Scheduling data processing jobs using Cron and Apache Airflow Flashcards
What is Apache Airflow?
Apache Airflow is an open-source platform to programmatically author, schedule, and monitor workflows.
What is a DAG in Airflow?
DAG stands for Directed Acyclic Graph, and it represents a workflow, detailing the tasks and their dependencies in Airflow.

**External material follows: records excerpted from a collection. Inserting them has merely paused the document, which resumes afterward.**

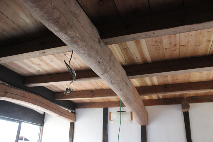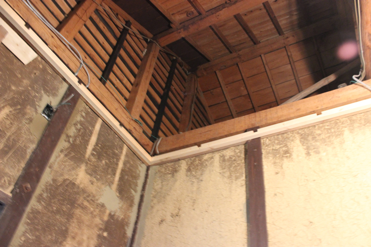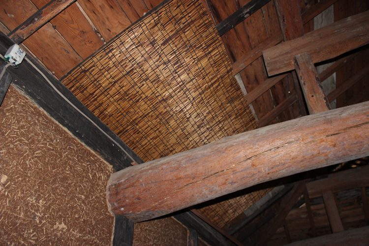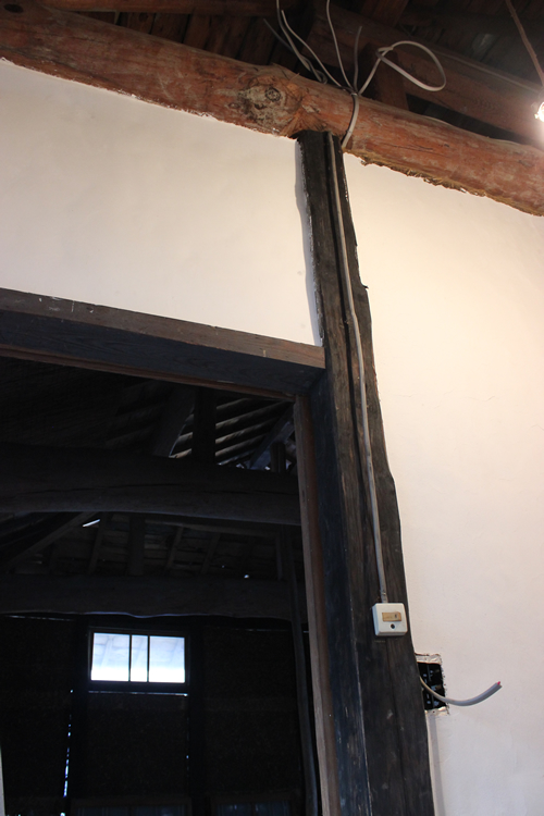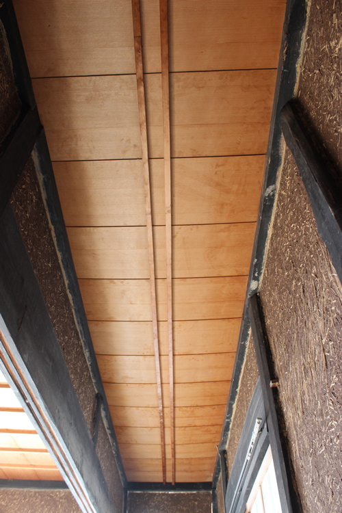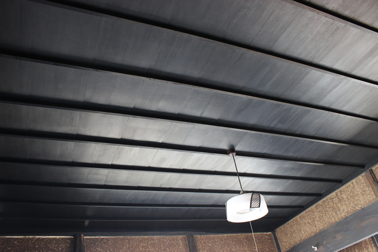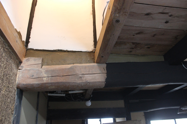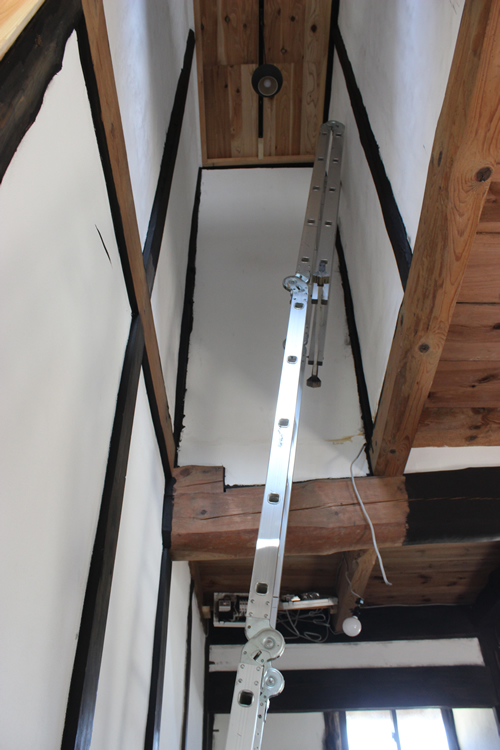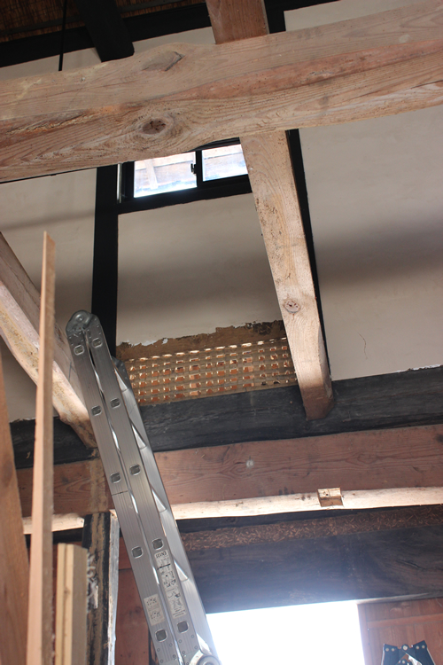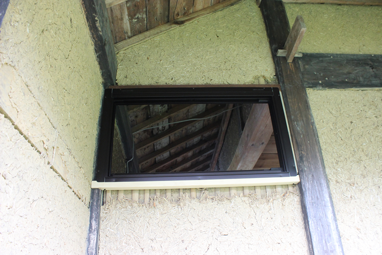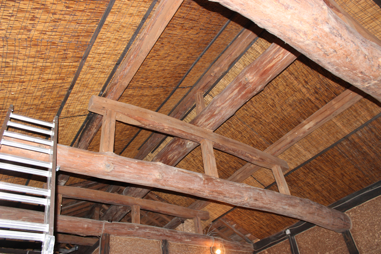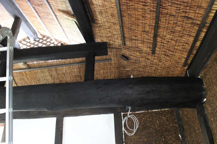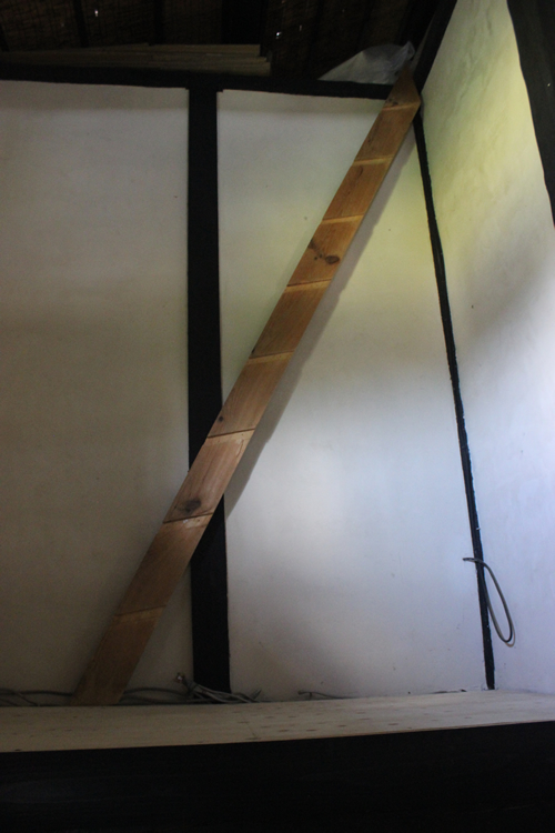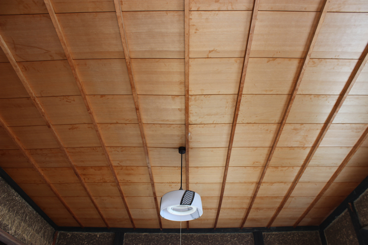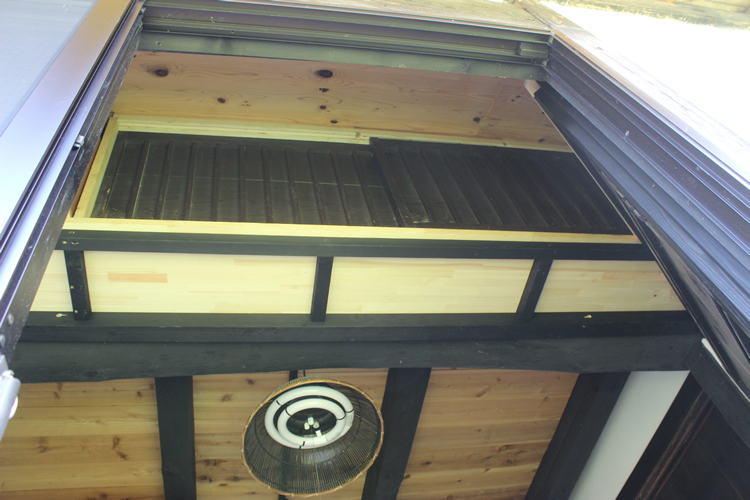 左の写真をご覧いただければわかると思うが、この報知器は囲炉裏の間の吹き抜けの棟木に取り付けている。報知器の設置位置基準はかなり細かく設定されており、この場合作者が問題視したいのは「天井」という定義についてだ。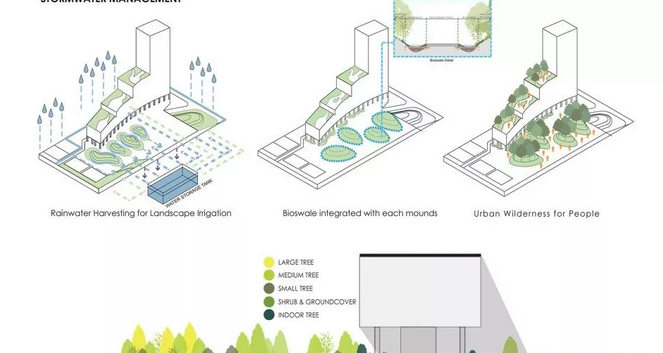 ? ? ? 在雨水管理方面,在每個土墩的底部產(chǎn)生生物洼地,以有效地調(diào)節(jié)排水模式,同時允許徑流緩慢地穿過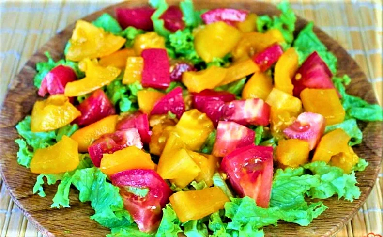 На изображении блюдо с зелёным салатом и кусочками разноцветных помидоров, поданных на тарелке.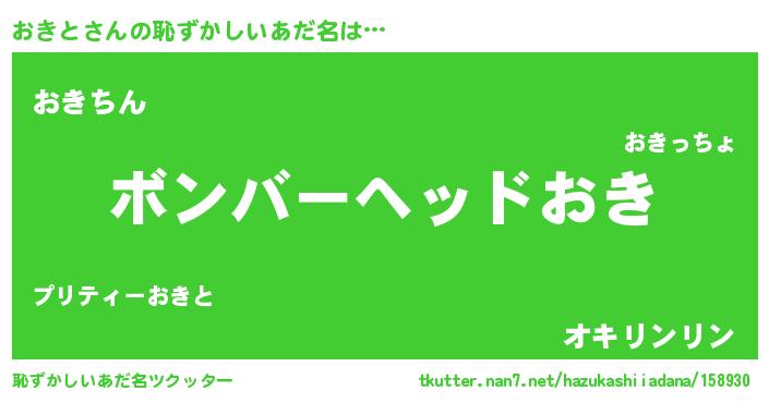 | ヒーロー風カッコイイあだ名 | 『慈愛の使者おきと』『ネオオキト』 |
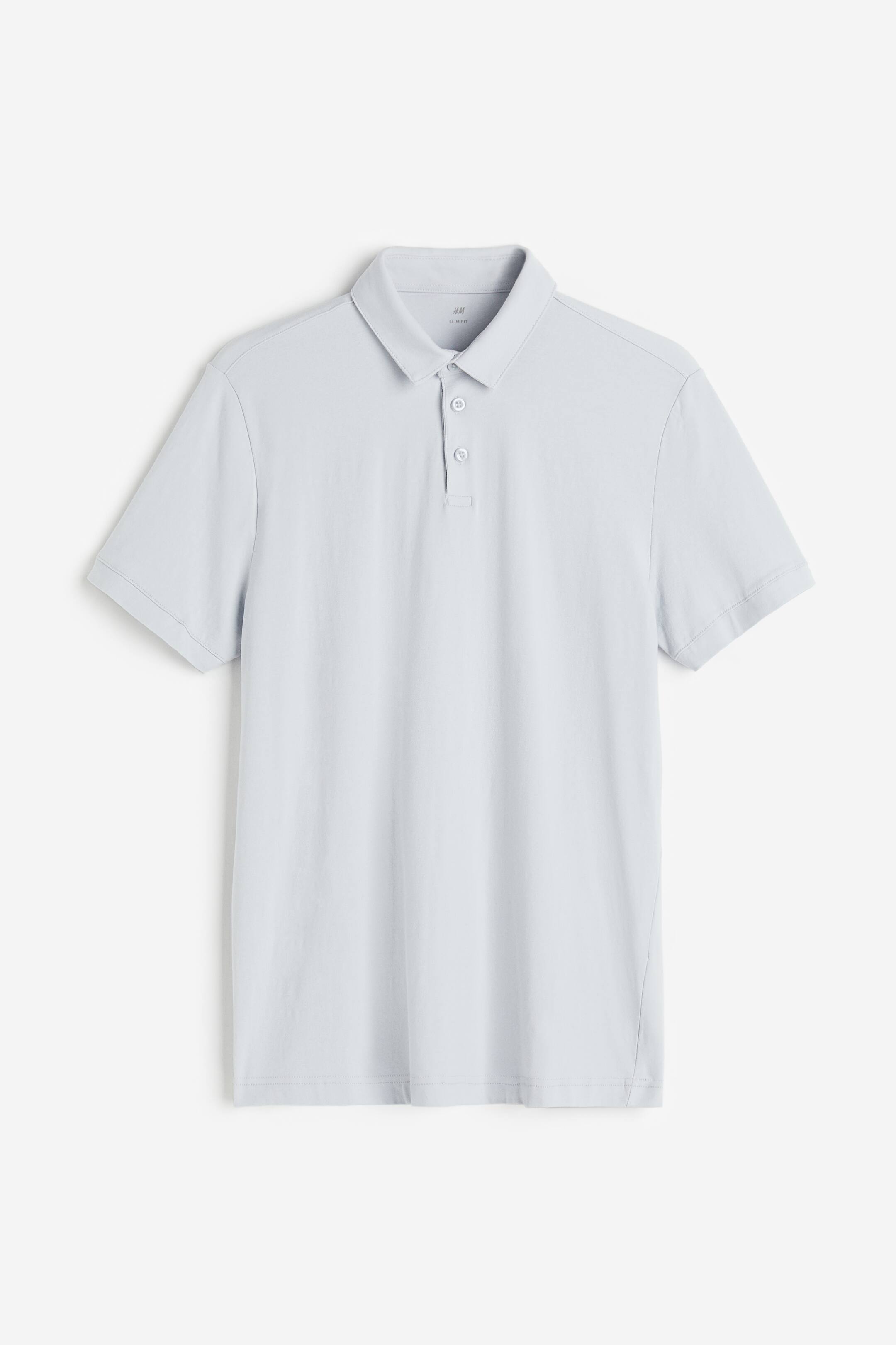 Polo shirt in lightweight cotton jersey with a collar, button placket, short sleeves and a straight-cut hem. Slim fit that hugs the contours of your body, creating a fitted silhouette.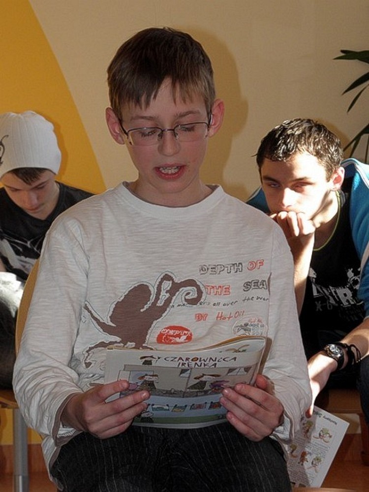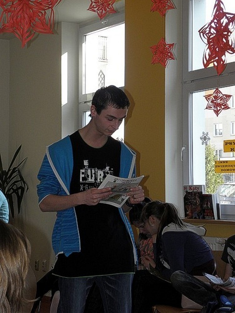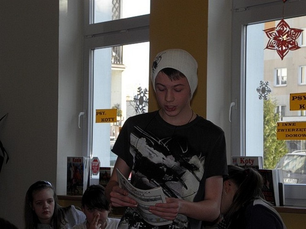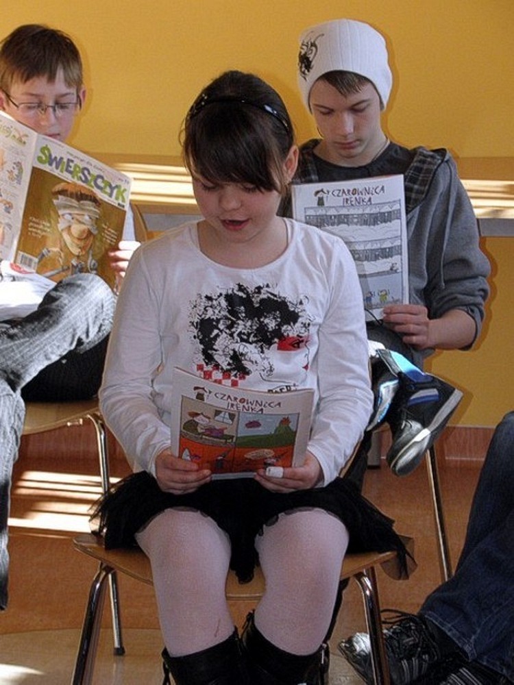 Jeśli ktoś myśli, że dzieci i młodzież nie lubią czytać, jest w błędzie. W tym konkursie wzięło udział 21 uczestników ferii. Zadaniem każdego było przeczytać jeden wiersz ze "ŚWIERSZCZYKA", jednego z najbardziej wartościowych czasopism dla dzieci.

What are Tasks in Airflow?
Tasks are the basic units of execution in Airflow and are defined as individual steps in a DAG.
How do you define a DAG in Airflow?
A DAG is defined using Python code, with the DAG class from the airflow module.
What is an Operator in Airflow?
Operators are templates that define individual tasks in a DAG. They determine what the tasks do, such as running a script, executing a Bash command, or calling an API.
What is a Sensor in Airflow?
Sensors are a special type of operator that will keep running until a certain condition is met. They are used to wait for external events.
What is the purpose of the Airflow Scheduler?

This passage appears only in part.